To do — Repeat the listing exactly, minus the pictures.

Dataset extract —
►
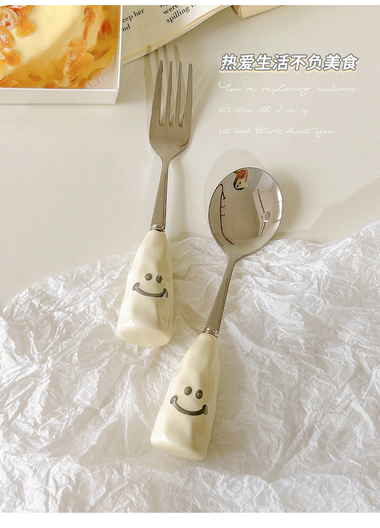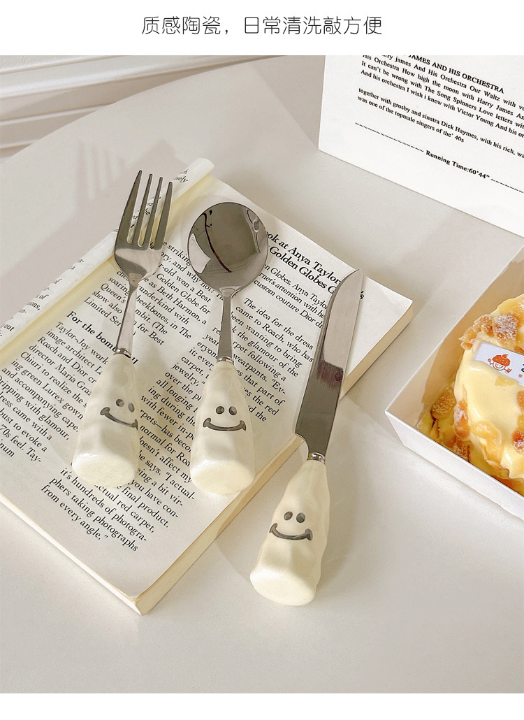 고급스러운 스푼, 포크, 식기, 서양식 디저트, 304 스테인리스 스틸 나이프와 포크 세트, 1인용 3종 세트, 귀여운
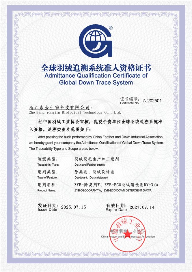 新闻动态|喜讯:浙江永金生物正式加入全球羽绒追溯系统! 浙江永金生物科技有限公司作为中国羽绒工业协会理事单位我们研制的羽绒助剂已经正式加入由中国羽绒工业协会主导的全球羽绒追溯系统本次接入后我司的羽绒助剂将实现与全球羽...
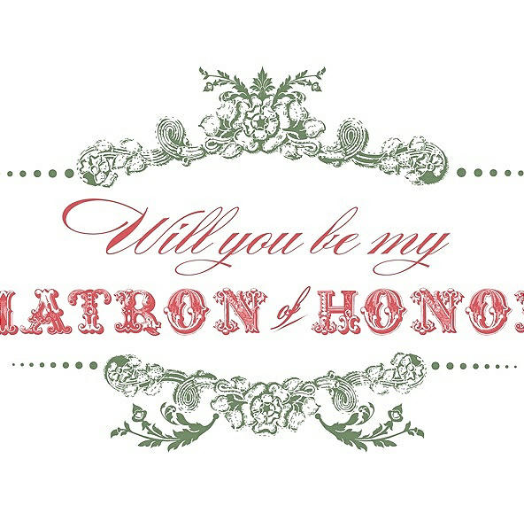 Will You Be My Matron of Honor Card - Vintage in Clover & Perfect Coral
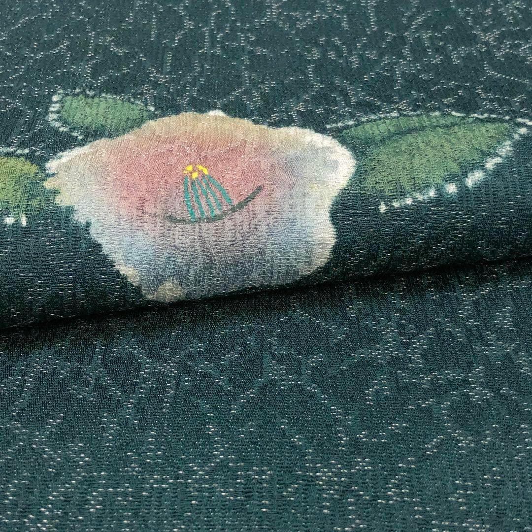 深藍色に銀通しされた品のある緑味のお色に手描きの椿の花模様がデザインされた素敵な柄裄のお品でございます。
◄
Task result —
 고급스러운 스푼, 포크, 식기, 서양식 디저트, 304 스테인리스 스틸 나이프와 포크 세트, 1인용 3종 세트, 귀여운
 新闻动态|喜讯:浙江永金生物正式加入全球羽绒追溯系统! 浙江永金生物科技有限公司作为中国羽绒工业协会理事单位我们研制的羽绒助剂已经正式加入由中国羽绒工业协会主导的全球羽绒追溯系统本次接入后我司的羽绒助剂将实现与全球羽...
 Will You Be My Matron of Honor Card - Vintage in Clover & Perfect Coral
 深藍色に銀通しされた品のある緑味のお色に手描きの椿の花模様がデザインされた素敵な柄裄のお品でございます。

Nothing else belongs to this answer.